Department of Chemical Biology Helmholtz Centre for Infection Research, Inhoffenstrasse 7, 38124 Braunschweig, Germany.
Institute for Organic Chemistry, Technical University of Braunschweig, Hagenring 30, 38106 Braunschweig, Germany.
J Med Chem. 2021 Oct 28;64(20):15440-15460. doi: 10.1021/acs.jmedchem.1c01482. Epub 2021 Oct 8.
The development of novel drugs against Gram-negative bacteria represents an urgent medical need. To overcome their outer cell membrane, we synthesized conjugates of antibiotics and artificial siderophores based on the MECAM core, which are imported by bacterial iron uptake systems. Structures, spin states, and iron binding properties were predicted using density functional theory. The capability of MECAM to function as an effective artificial siderophore in was proven in microbiological growth recovery and bioanalytical assays. Following a linker optimization focused on transport efficiency, five β-lactam and one daptomycin conjugates were prepared. The most potent conjugate showed growth inhibition of Gram-positive and Gram-negative multidrug-resistant pathogens at nanomolar concentrations. The uptake pathway of MECAMs was deciphered by knockout mutants and highlighted the relevance of FepA, CirA, and Fiu. Resistance against was mediated by a mutation in the gene encoding ExbB, which is involved in siderophore transport.

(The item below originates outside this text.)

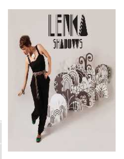
Shadows - Album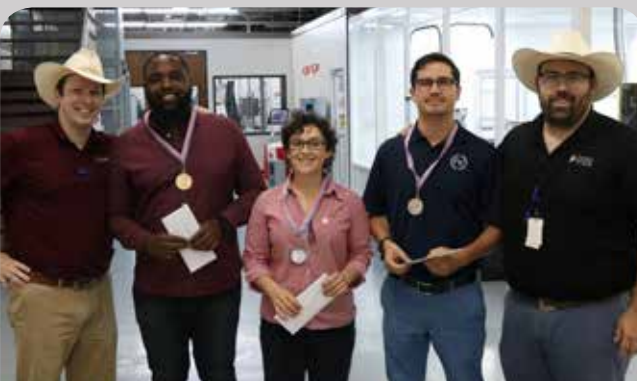
Bag-toss competition winners from the celebration

开发针对革兰氏阴性菌的新型药物是一项紧迫的医疗需求。为了克服它们的外细胞膜,我们基于 MECAM 核心合成了抗生素和人工铁载体的缀合物,这些缀合物可以被细菌铁摄取系统摄取。使用密度泛函理论预测了结构、自旋态和铁结合特性。在微生物生长恢复和生物分析测定中证明了 MECAM 作为有效人工铁载体的功能。在针对转运效率的接头优化之后,制备了五个β-内酰胺和一个达托霉素缀合物。最有效的缀合物 以纳摩尔浓度抑制革兰氏阳性和革兰氏阴性多药耐药病原体的生长。通过敲除突变体解析了 MECAMs 的摄取途径,并强调了 FepA、CirA 和 Fiu 的相关性。对 的耐药性是由编码 ExbB 的基因中的突变介导的,该基因参与铁载体转运。